Opinión

Iztapalapa, el cablebús y el vértigo horizontal

Hace 30 años Carlos Monsiváis tituló a su libro de crónicas sobre la Ciudad de México “Los rituales del caos” (Era, 1995). Concebía a la capital del país como un gigantesco templo profano donde se le rinde culto al desorden con la muy chilanga certeza de que es el caos el que, a final de cuentas, nos ordena, nos otorga identidad y nos permite convivir dentro de una ciudad en eterna expansión, cuyos confines se antojan inabarcables. “Esa plaza fuerte de la demografía (donde) la gente se sabe a salvo y en expansión continua”, escribió.
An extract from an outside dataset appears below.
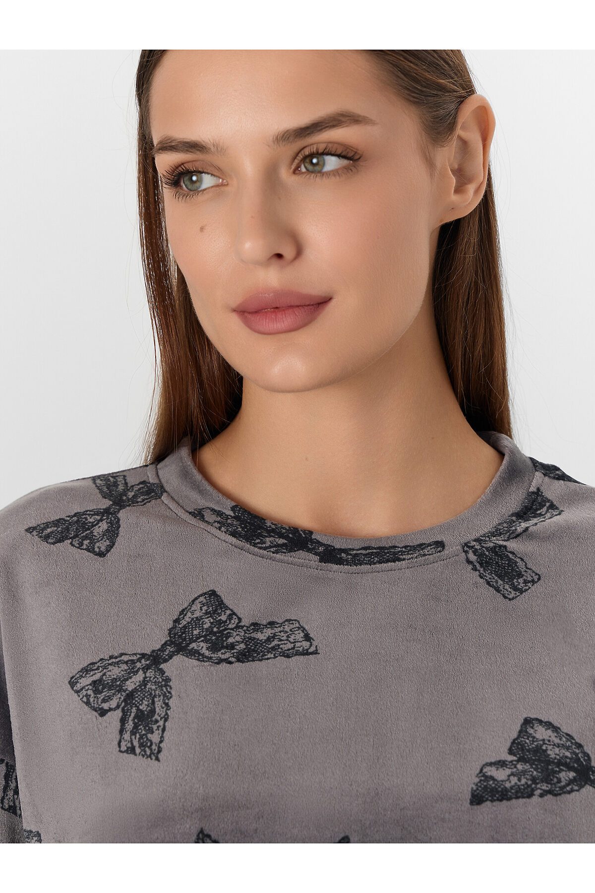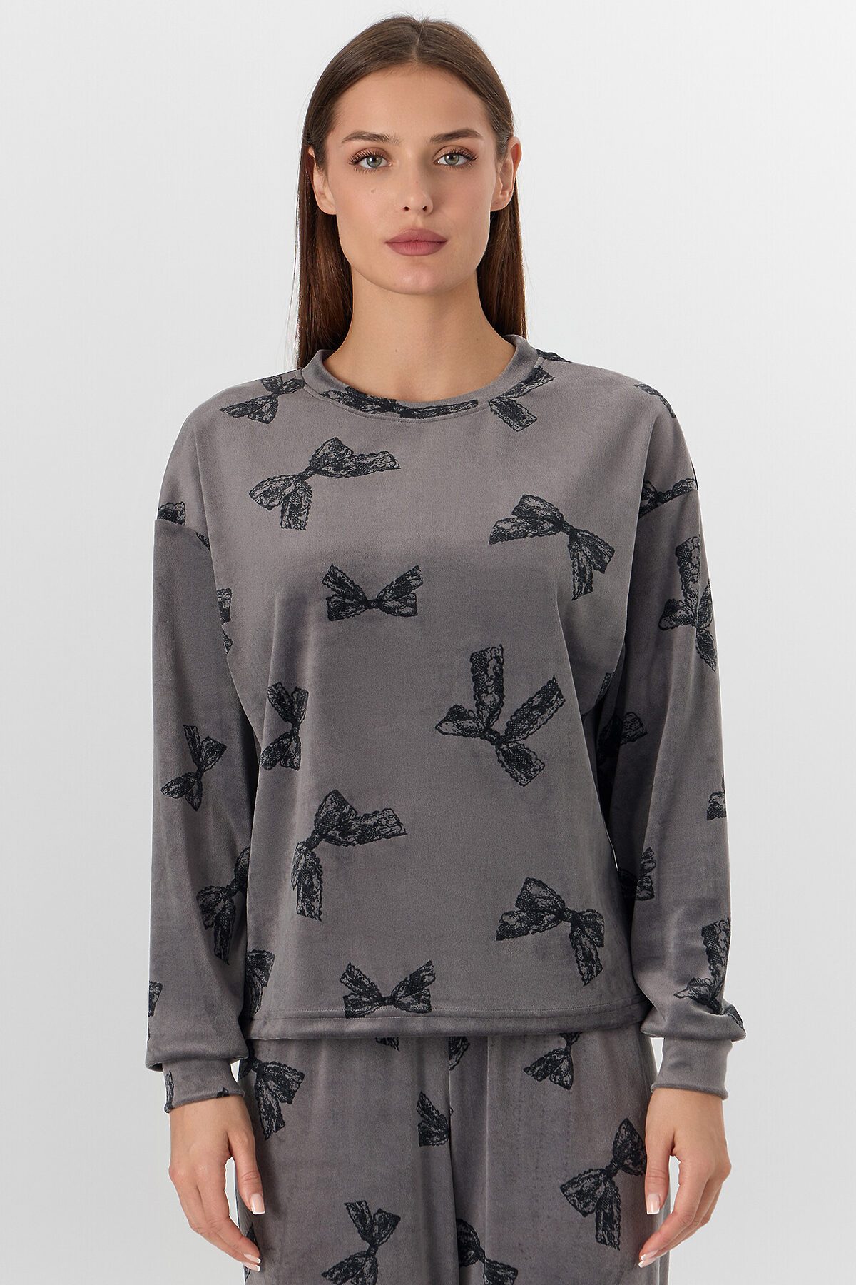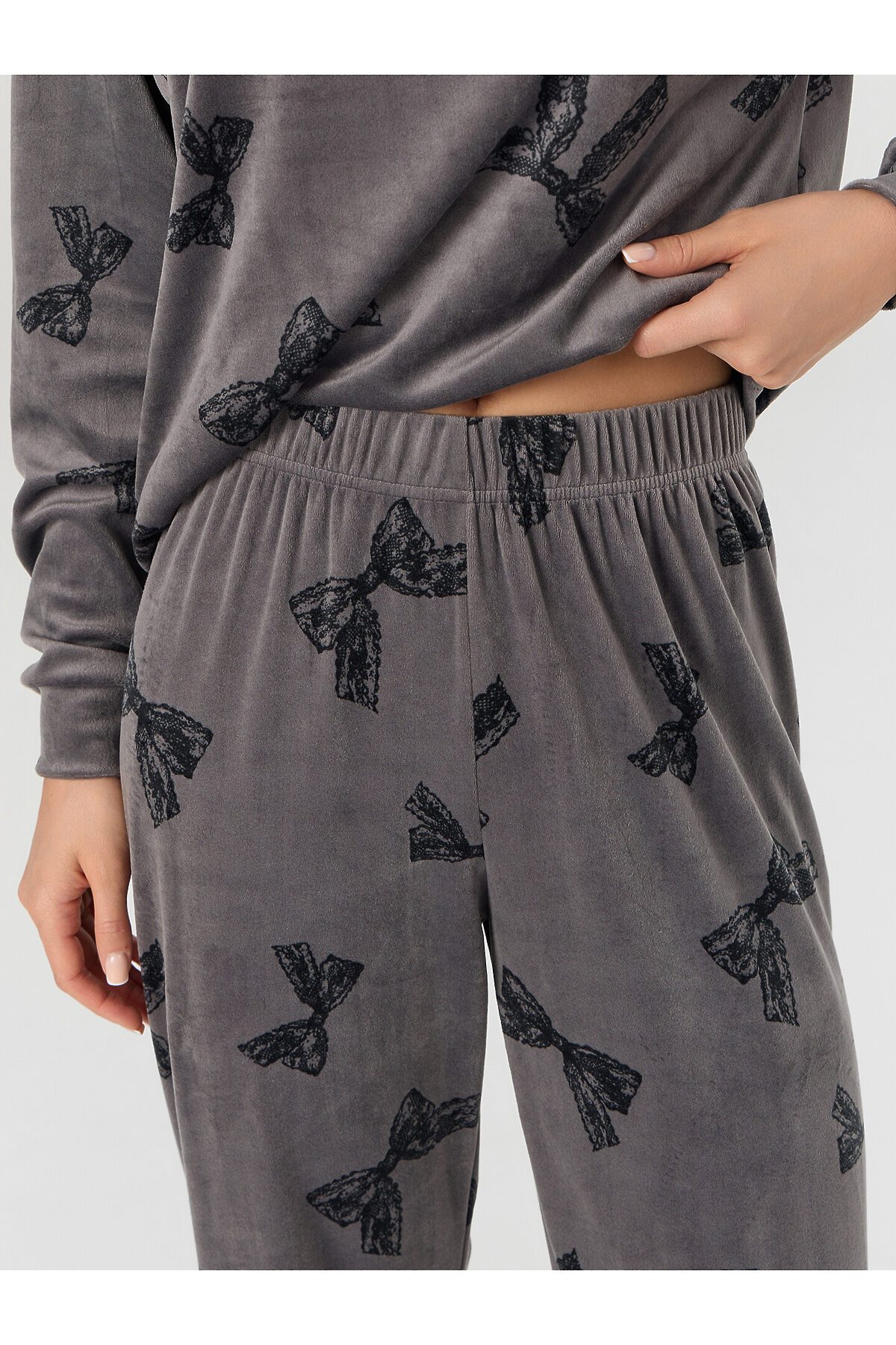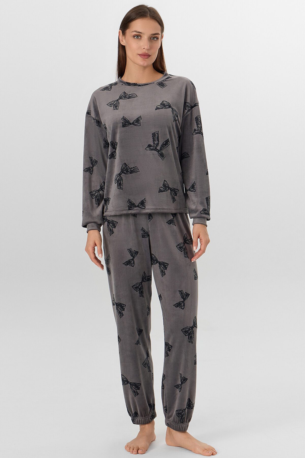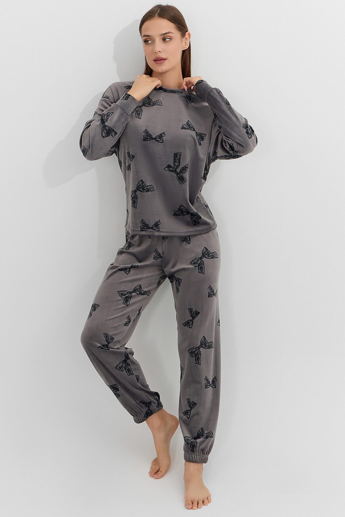 Серый велюровый комплект для женщин — ваш верный спутник для моментов полного расслабления и домашнего уюта. Набор состоит из джемпера прямого силуэта и свободных брюк, выполненных из мягкого велюра. Состав из полиэстера с добавлением эластана обеспечивает износостойкость, идеальное облегание и сохранение формы после многих стирок.

En las postrimerías del siglo XX Monsiváis definió al todavía por ese entonces Distrito Federal como una “ciudad post apocalíptica, (…) donde lo peor ya ocurrió (…), y sin embargo la ciudad funciona de modo que a la mayoría le parece inexplicable, y cada quien extrae del caos las recompensas que en algo equilibran las sensaciones de vida invivible. El odio y el amor a la ciudad se integran en la fascinación, y la energía citada crea sobre la marcha espectáculos únicos: el teatro callejero de los diez millones de personas que a diario se movilizan en el metro, en autobuses, en camiones, en camionetas, en motocicletas, en bicicletas, en autos”.

Cablebús de Iztapalapa

Cablebús de Iztapalapa

Cuartoscuro / Graciela López Herrera

Si Monsiváis hubiera escrito estas crónicas 26 años después, al recuento que remata el párrafo anterior habría añadido el cablebús, el nuevo miembro de la familia del transporte colectivo en la región que ha sido la menos transparente de la movilidad y la menos transparente del aire.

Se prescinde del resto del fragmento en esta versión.